2007-09 Energy, Environment, Agriculture & Natural Resources (EEANR) Fellow at the Environmental Protection Agency

As AAAS Science & Technology Policy Fellows and social scientists, Sharri Clark and Janis Johnston have used their expertise to better understand security and communications issues. They also met some long-admired people along the way.

The way Janis Johnston tells it, you’d think Paul Krugman was a rock star. Janis met Krugman, a professor of economics and international affairs at Princeton University and winner of the 2008 Nobel Prize in economics, at the Swedish Embassy. “Fellows are invited to meet Nobel laureates,” she says. “It was one of the networking opportunities.”

Raised in Wyoming, Janis worked at a grocery store until she decided to go back to school as a non-traditional student. “I went to a junior college and then earned two bachelor’s degrees—one in math and one in natural sciences,” explains Janis, who now has a PhD in sociology from Colorado State University. As a graduate student she had done program evaluation, so when she saw the AAAS Fellowship notice she was intrigued. “But at first, I thought you had to be a ‘hard’ scientist to apply,” recalls Janis. “Then I saw the word ‘social’ and that drew me in. I knew AAAS valued someone with my experience and training.”

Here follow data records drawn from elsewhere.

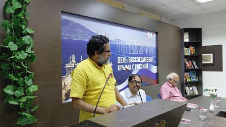 Гость встречи, известный историк, профессор Нараянан Наир Гопакумар, в своём выступлении подчеркнул: «Те, кто утверждает, что Крым был аннексирован Россией, должны знать, что это было добровольное, законное возвращение исторически российских земель, легитимизация которого осуществлялась посредством референдума, а не акта насильственного завоевания».
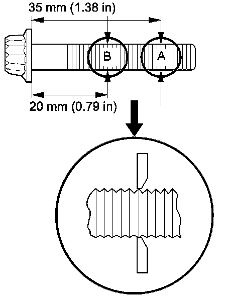 Install a new bolt if the difference in diameter is out of tolerance.
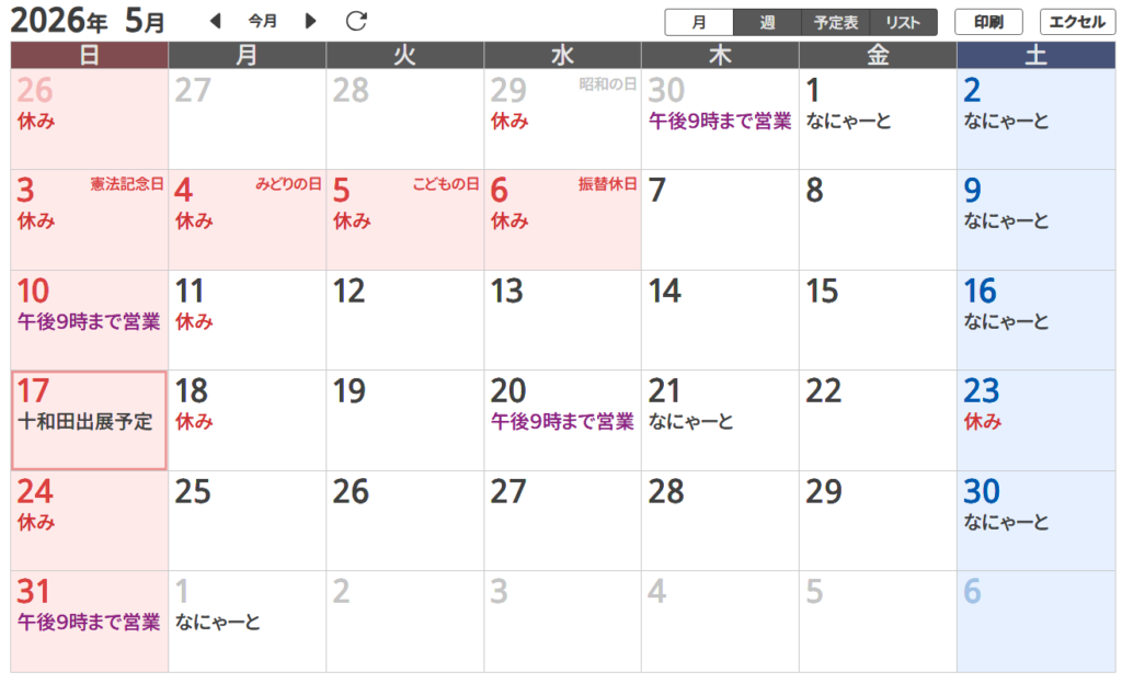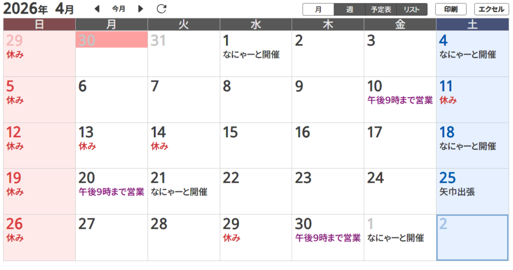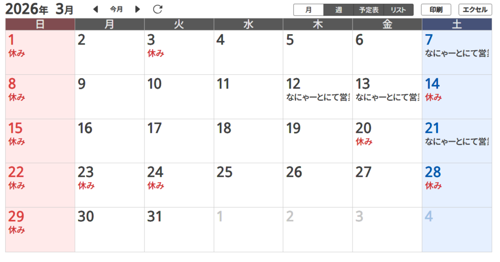 営業日カレンダー
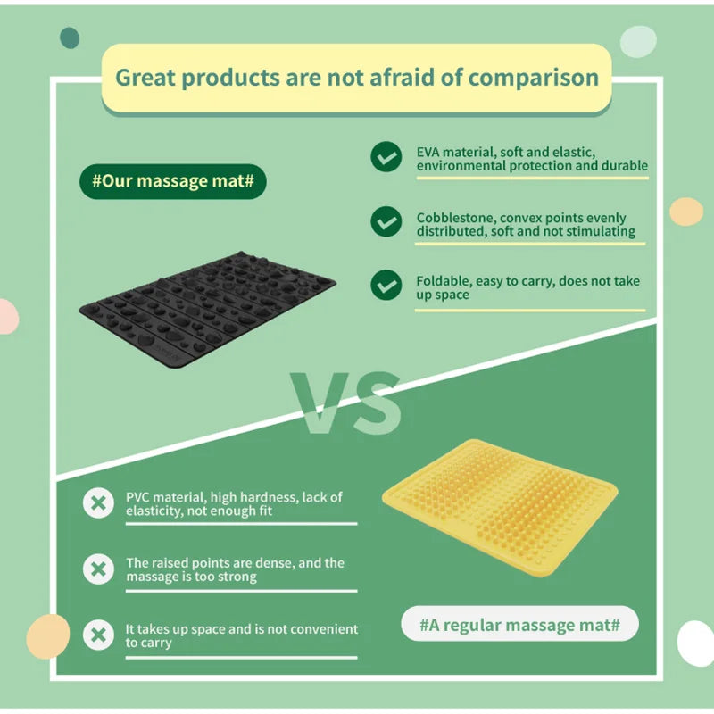 Step into relaxation with the Durable Reflexology Foot Massage Pad, designed to stimulate key pressure points on your feet, providing relief from stress and improving overall circulation. This portable foot massage pad offers the benefits of reflexology in the comfort of your home. With durable materials that ensure long-lasting use, the textured surface targets areas that alleviate tension and promote relaxation. Ideal for daily use, it helps reduce foot pain, enhance flexibility, and improve your overall well-being.
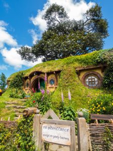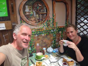 Over het algemeen is het een goede gewoonte om de top toeristenattracties van een land met de nodige voorzichtigheid te bekijken. In Nederland hebben we het bijvoorbeeld over Volendam, de Keukenhof of de Wallen. Drie attracties die wat mij betreft exemplarisch zijn voor te vermijden tijdsverdrijven. Daarom is het met enige achterdocht dat Hobbiton (nummer twee attractie in aantal bezoekers) in ogenschouw genomen werd. Maar gisteren heeft het enthousiasme van Patricia en Jan-Bert over deze activiteit mijn achterdocht doen verdampen. Dus zijn we op weg naar de filmset van zowel The Hobbit als Lord of the Rings. Het had nogal wat voeten in aarde om er binnen te komen, want vooraf boeken bleek noodzakelijk en dat hadden we niet gedaan. Om 11 uur ’s avonds wordt er druk gezocht op internet naar een mogelijkheid en verrassend genoeg blijkt er nog een optie. Als we namelijk niet bij de attractie starten maar in een plaatsje zo’n twintig kilometer verder op, krijgen we een gratis transfer maar vooral: is er nog plaats. Het business model van deze constructie wordt mij niet duidelijk maar zoals mijn moeder vroeger zei: vraag niet hoe het kan, profiteer ervan!
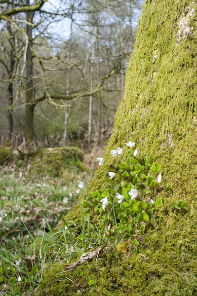 Pretty dainty little white wood anemones growing at the foot of a moss covered tree trunk with a woodland background

Janis worked on risk communication in the National Homeland Security Research Center at the Environmental Protection Agency. As the only social scientist in her office, she brought something new to the table. “Emergency messages in an acute event need to be informative and understandable without being mired in detail,” she explains. But it is also important to know more about the population receiving those messages for them to be effective. “Power structures, literacy, culture, race, and ethnicity all have an effect on how messages are communicated and received.”